To get logs from specific modules:

```python
import logging

# Only service and query operations
logging.getLogger('gcp_mysql.service').setLevel(logging.DEBUG)
logging.getLogger('gcp_mysql.utils.query_operations').setLevel(logging.DEBUG)

# Suppress internal operations
logging.getLogger('gcp_mysql._internal').setLevel(logging.WARNING)
```

### Log Examples

When using the library, you'll see logs like:

```
INFO:gcp_mysql.utils.query_operations:Query returned 5 row(s)
DEBUG:gcp_mysql.service:Test connection result: {'test': 1}
INFO:gcp_mysql._internal.table_creation:Ensuring table exists: users
DEBUG:gcp_mysql._internal.table_creation:DDL:
CREATE TABLE IF NOT EXISTS `users` (
  `id` BIGINT UNSIGNED NOT NULL AUTO_INCREMENT,
  `name` VARCHAR(1024) NOT NULL,
  `email` VARCHAR(255) NOT NULL,
  `created_at` TIMESTAMP NOT NULL DEFAULT CURRENT_TIMESTAMP,
  `updated_at` TIMESTAMP NOT NULL DEFAULT CURRENT_TIMESTAMP ON UPDATE CURRENT_TIMESTAMP,
  PRIMARY KEY (`id`)
) ENGINE=InnoDB DEFAULT CHARSET=utf8mb4 COLLATE=utf8mb4_unicode_ci;
```

---

## Safety Features

### DROP Statement Protection

The library blocks all DROP statements by default:

```python
# This will raise ValueError
db.execute_query("DROP TABLE users")  # ❌ Raises ValueError
```

### WHERE Clause Requirements

UPDATE and DELETE operations require explicit WHERE clauses:

```python
# ✅ Allowed
db.update("users", {"active": False}, "id = %s", (123,))

# ❌ Raises ValueError
db.update("users", {"active": False}, "")  # Missing WHERE clause
```

### Connection Management

Each operation opens a new connection via a context manager, ensuring connections are always properly closed, even if an exception occurs.

---

## Table and Schema Management

The library includes utilities for creating tables from Pydantic models and managing schemas.
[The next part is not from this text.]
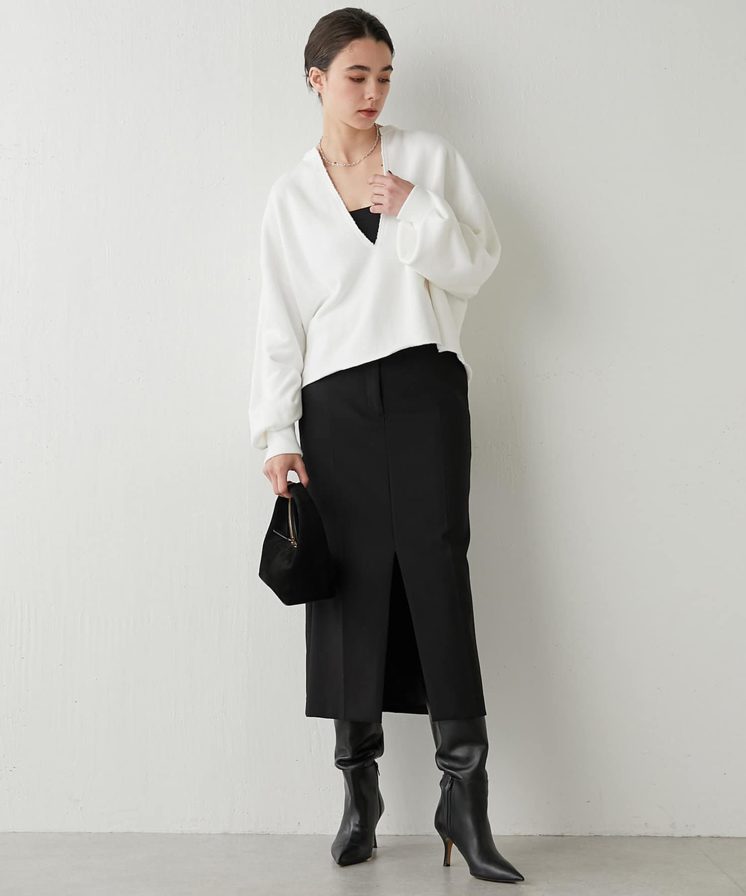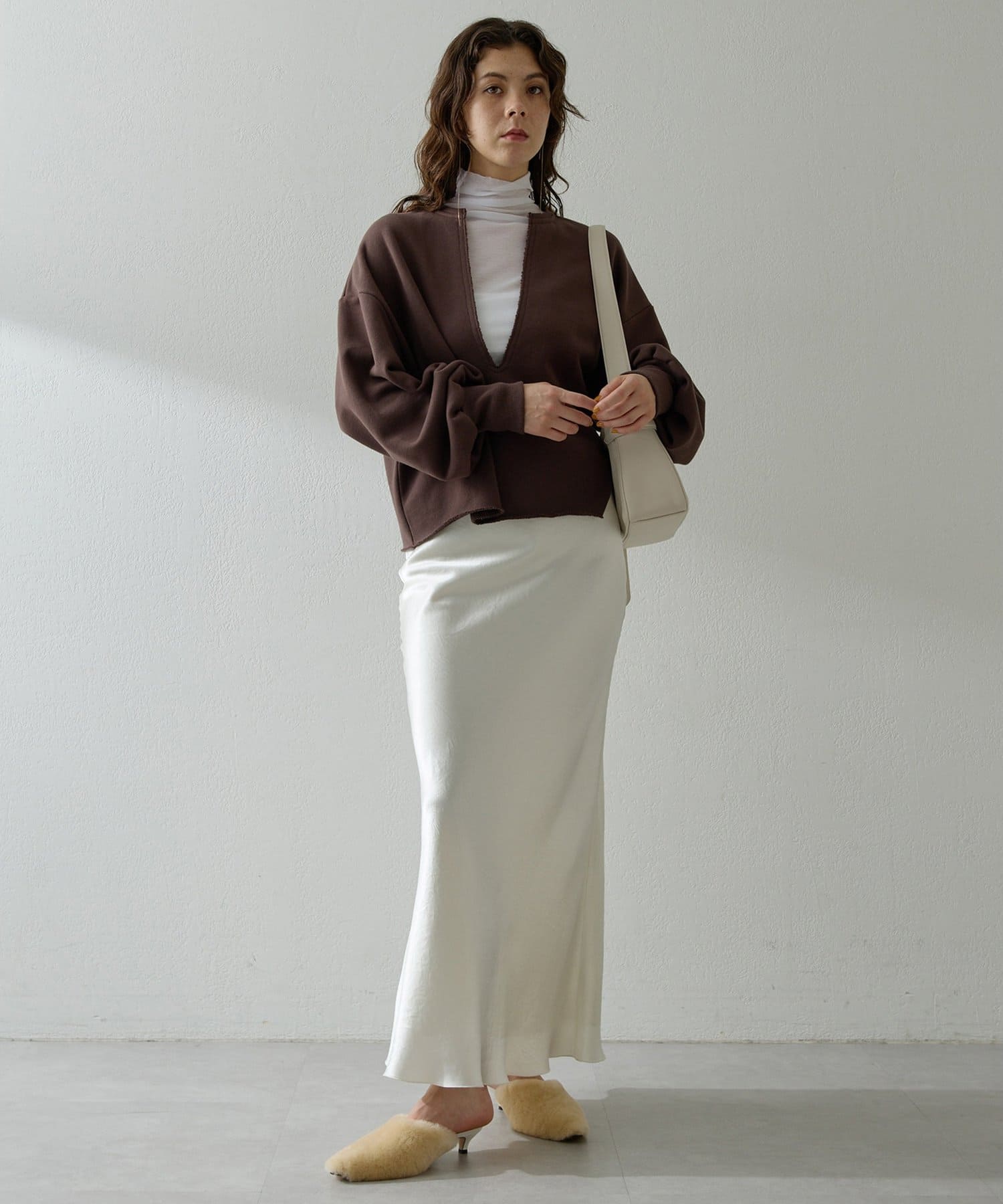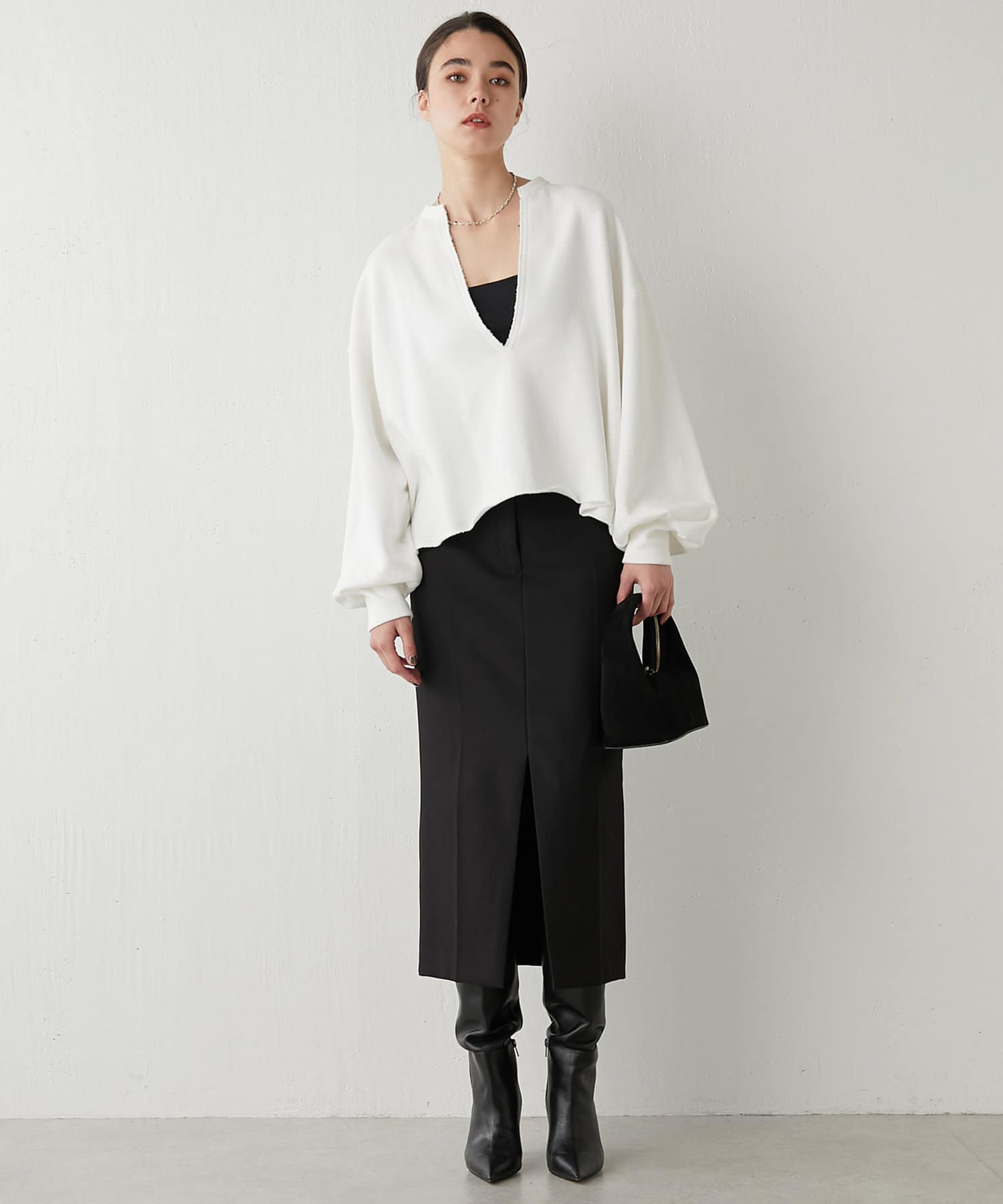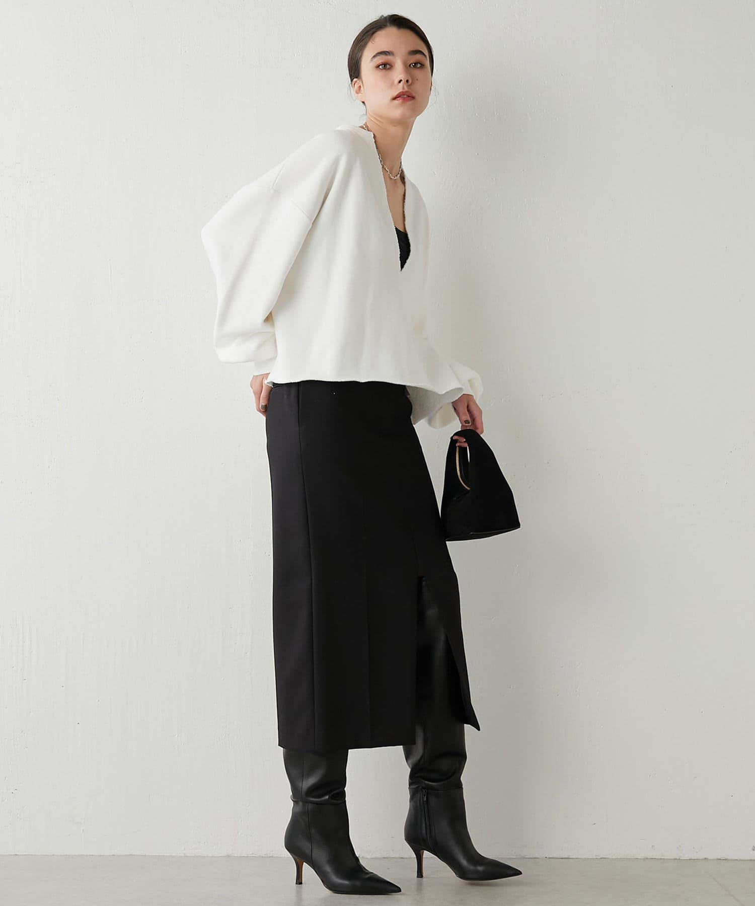 丈も短めなので、ワイドカーブデニムだったり、リブニットタイトスカートだったりに合わせて着ています。

These are available in the `_internal` module and can be used directly:

```python
from gcp_mysql._internal.table_creation import create_table_if_not_exists
from gcp_mysql._internal.index_creation import create_index_if_not_exists
from pydantic import BaseModel

class User(BaseModel):
    id: int
    name: str
    email: str
    active: bool = True

# Create table from model
create_table_if_not_exists(db, User, table_name="users")

# Create index
create_index_if_not_exists(db, "users", "idx_email", ["email"], unique=True)
```

### Type Mapping

The library automatically maps Python types to MySQL types:

- `int` → `INT` (or `BIGINT UNSIGNED AUTO_INCREMENT` for `id` fields)
- `str` → `VARCHAR(255)` (or `VARCHAR(1024)` for `name` fields, `TEXT` for `description` fields)
- `bool` → `TINYINT(1)`
- `float` → `DECIMAL(10,2)`
- `list`/`dict` → `JSON`
- `Optional[T]` → `T NULL`
- `datetime`/`date` → `TIMESTAMP`/`DATE`

---

## Error Handling

All database operations re-raise exceptions from PyMySQL, allowing you to handle them in your application:

```python
from pymysql import OperationalError, IntegrityError

try:
    db.insert("users", {"email": "duplicate@example.com"})
except IntegrityError as e:
    print(f"Duplicate entry: {e}")
except OperationalError as e:
    print(f"Database error: {e}")
```

---

## Requirements

- Python 3.9+
- PyMySQL
- Pydantic (for table creation utilities)
- google-cloud-secret-manager (optional, for `from_gcp_secret`)

---

## License

See [LICENSE](LICENSE) file for details.

---

## Contributing

Contributions are welcome! Please feel free to submit a Pull Request.